To store or transfer wealth, people no longer need to ask anyone for permission. Most importantly, there is no central entity that can weigh in on the Bitcoin network and alter its money supply. In turn, money can finally become truly private and serve as a means of saving.
In the long run, the Bitcoin cap is about not needing any stop/start ramps for Bitcoin. Instead, the Bitcoin standard will constitute a new decentralized monetary system. They envision an auditable, transparent, and defined system that eliminates the government's tendency toward corruption and war.
Meanwhile, as is currently the case in the debt-based monetary model, all fiat currencies incentivize risky investments to outpace inflation. While the Fed's desired inflation rate is 2%, Bitcoin is headed for an inflation rate of less than 1% after the fourth halving in April 2024.
At this point, altcoin proponents might say: “But hundreds of altcoins have negligible inflation rates and altcoin supplies are limited.” Bitcoin extremists have a simple response. Relying on a proof-of-work algorithm, Bitcoin is based on physicality, or as Michael Saylor put it, “digital energy.”

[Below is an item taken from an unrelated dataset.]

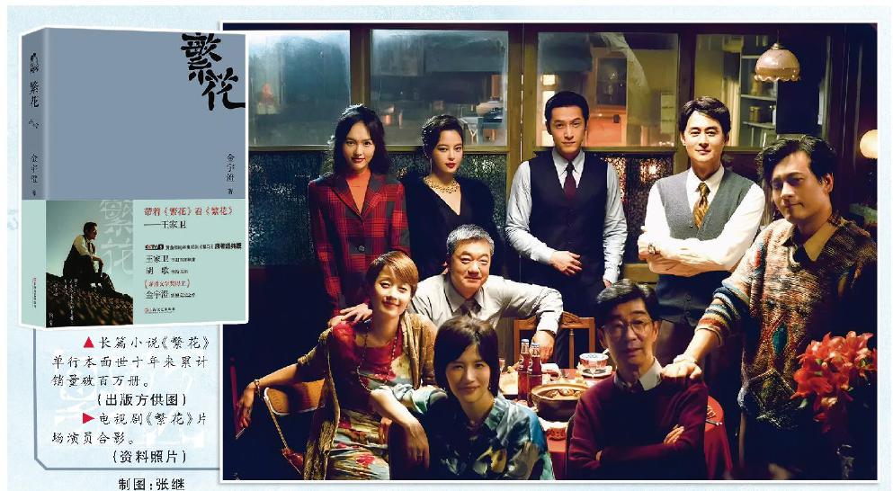 长篇小说《繁花》单行本面世十年来累计销量破百万册。(出版方供图) 电视剧《繁花》片场演员合影。(资料照片)制图:张继
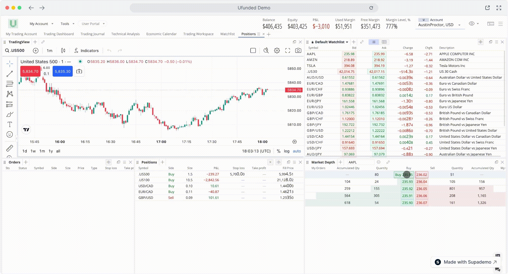The Market Depth chart displays transactions for specific equities, along with number of shares transacted, accumulated quantities, and orders specific to the trader. Trades can be executed from the Market Depth chart by clicking the Bid or Ask buttons in the middle of the Market Depth chart.

Practically speaking, anyone can clone altcoins, which are then subject to the influence of the capital network (stake), which accumulates with further staking. Likewise, one can clone the open source Bitcoin code. However, this is completely irrelevant because Bitcoin is secured by network power, not capital. One leads to centralization, the other does not.
Conclusion
Bitcoin is unique in that it is not tied to any organization or person. The same cannot be said for its opposing army of altcoins, starting with Ethereum. The cost of this decentralized flexibility is paid in energy rather than equity. This has been the controversial source of countless articles and statements by politicians attacking Bitcoin's energy use.
However, even these environmentally oriented pressures appear to have lost their strength. Can anyone really say what the fair price for financial sovereignty is? Given this horizon, Bitcoin hardliners are more focused on escaping the central banking system than on short-term altcoin gains.
Although some extremists view all altcoins as a wasteful distraction on this path, Bitcoin will certainly be integrated into the altcoin ecosystem. Ultimately, incentives create the blockchain landscape on their own regardless of opinions.
This is a guest post by Shane Nagle. The opinions expressed are entirely their own and do not necessarily reflect the opinions of BTC Inc or Bitcoin Magazine.